▶ [Work request]: All pictures should be dropped, and only the lines from the top of the entries below through the line containing "Majestic waterfall cascading" repeated exactly, both ends included.

________________________________________

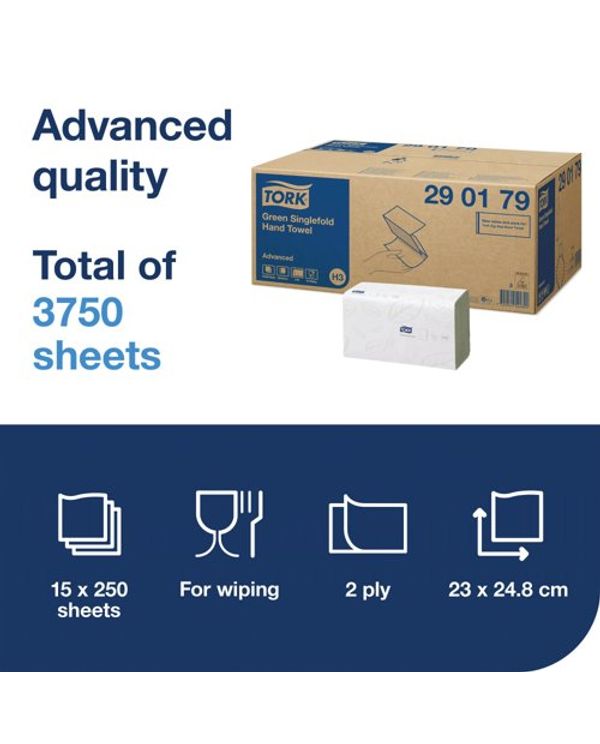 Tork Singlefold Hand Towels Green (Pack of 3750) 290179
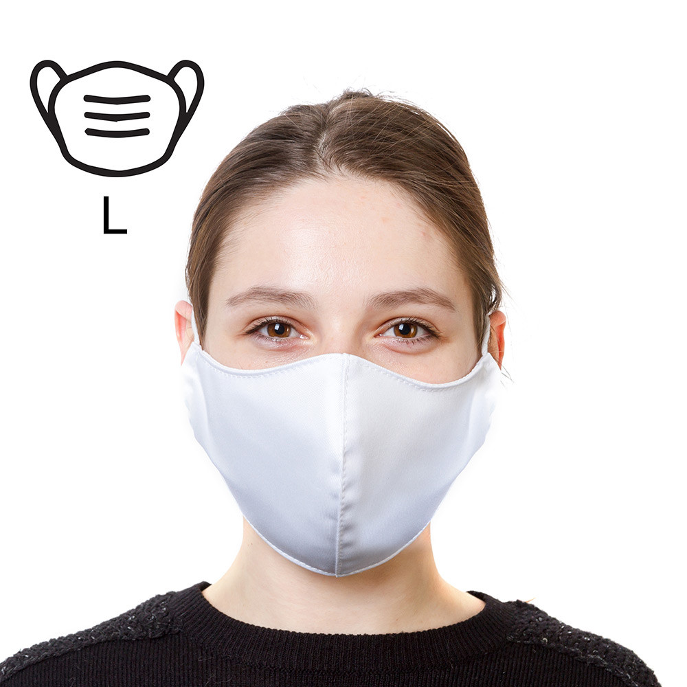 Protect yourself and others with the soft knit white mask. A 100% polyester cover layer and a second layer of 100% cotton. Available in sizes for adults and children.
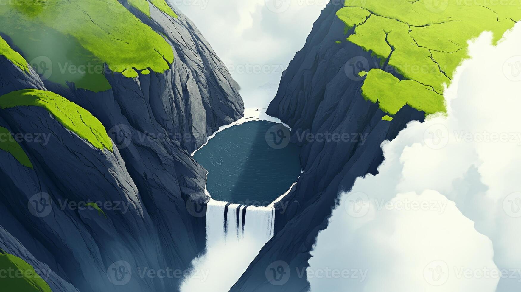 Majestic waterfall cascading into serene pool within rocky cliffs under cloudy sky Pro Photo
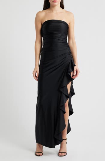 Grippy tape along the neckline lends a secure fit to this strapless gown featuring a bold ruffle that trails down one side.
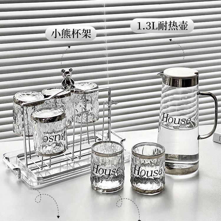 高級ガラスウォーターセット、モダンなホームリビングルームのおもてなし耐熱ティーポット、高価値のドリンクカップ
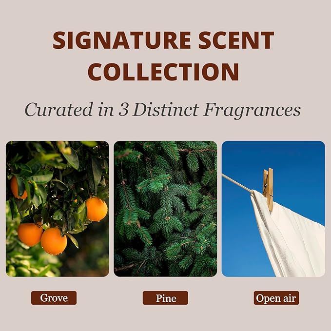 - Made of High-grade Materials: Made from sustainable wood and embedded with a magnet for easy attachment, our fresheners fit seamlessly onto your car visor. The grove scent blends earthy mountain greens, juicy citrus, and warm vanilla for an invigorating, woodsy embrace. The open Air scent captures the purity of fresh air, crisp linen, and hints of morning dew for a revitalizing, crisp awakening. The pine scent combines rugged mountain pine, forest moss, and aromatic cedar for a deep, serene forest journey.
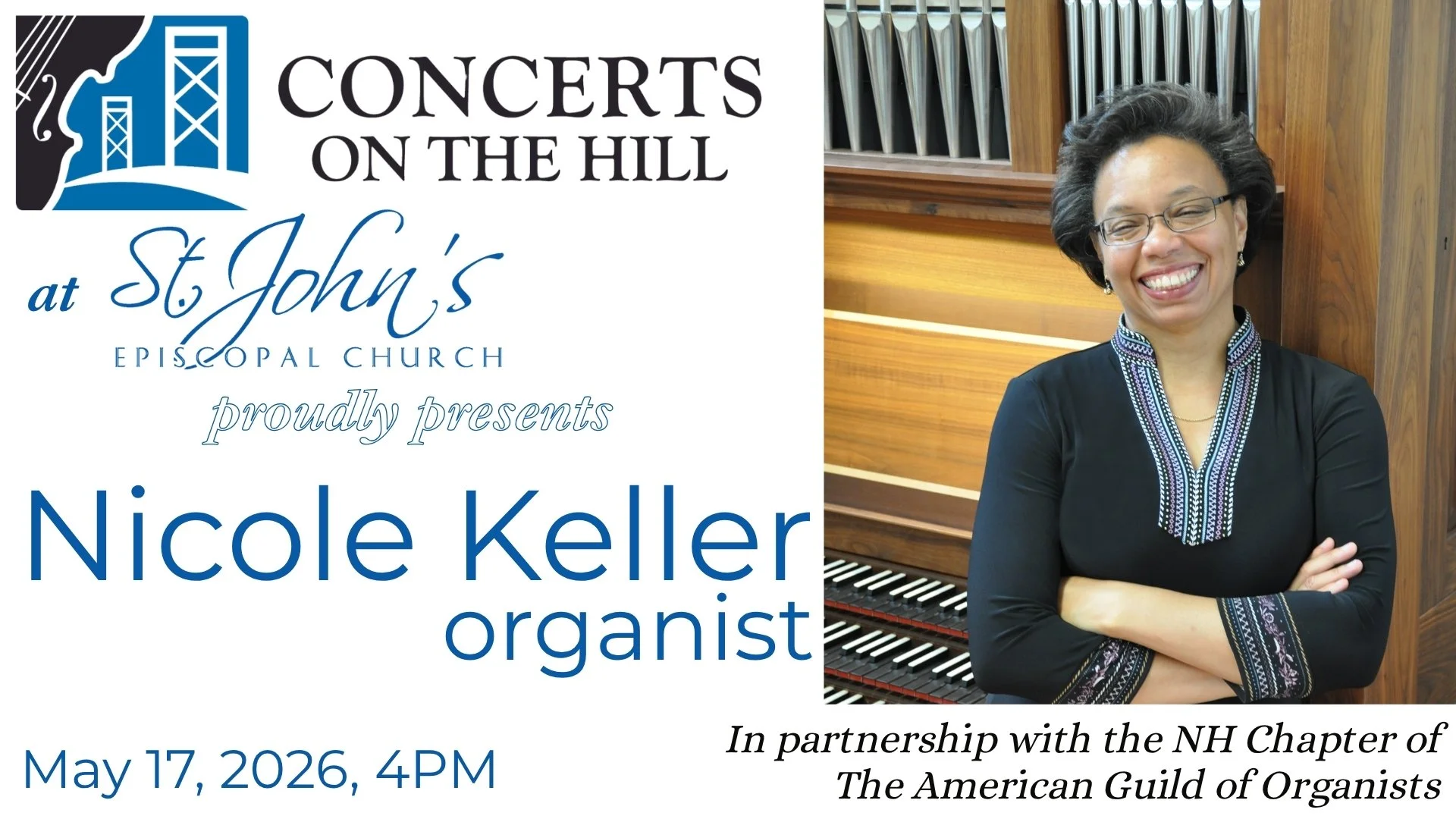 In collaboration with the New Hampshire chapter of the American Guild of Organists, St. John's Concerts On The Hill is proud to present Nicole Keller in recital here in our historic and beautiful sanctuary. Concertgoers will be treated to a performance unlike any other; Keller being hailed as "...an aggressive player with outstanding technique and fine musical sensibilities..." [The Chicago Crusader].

________________________________________

▶ [Exercise result]:
 Tork Singlefold Hand Towels Green (Pack of 3750) 290179
 Protect yourself and others with the soft knit white mask. A 100% polyester cover layer and a second layer of 100% cotton. Available in sizes for adults and children.
 Majestic waterfall cascading into serene pool within rocky cliffs under cloudy sky Pro Photo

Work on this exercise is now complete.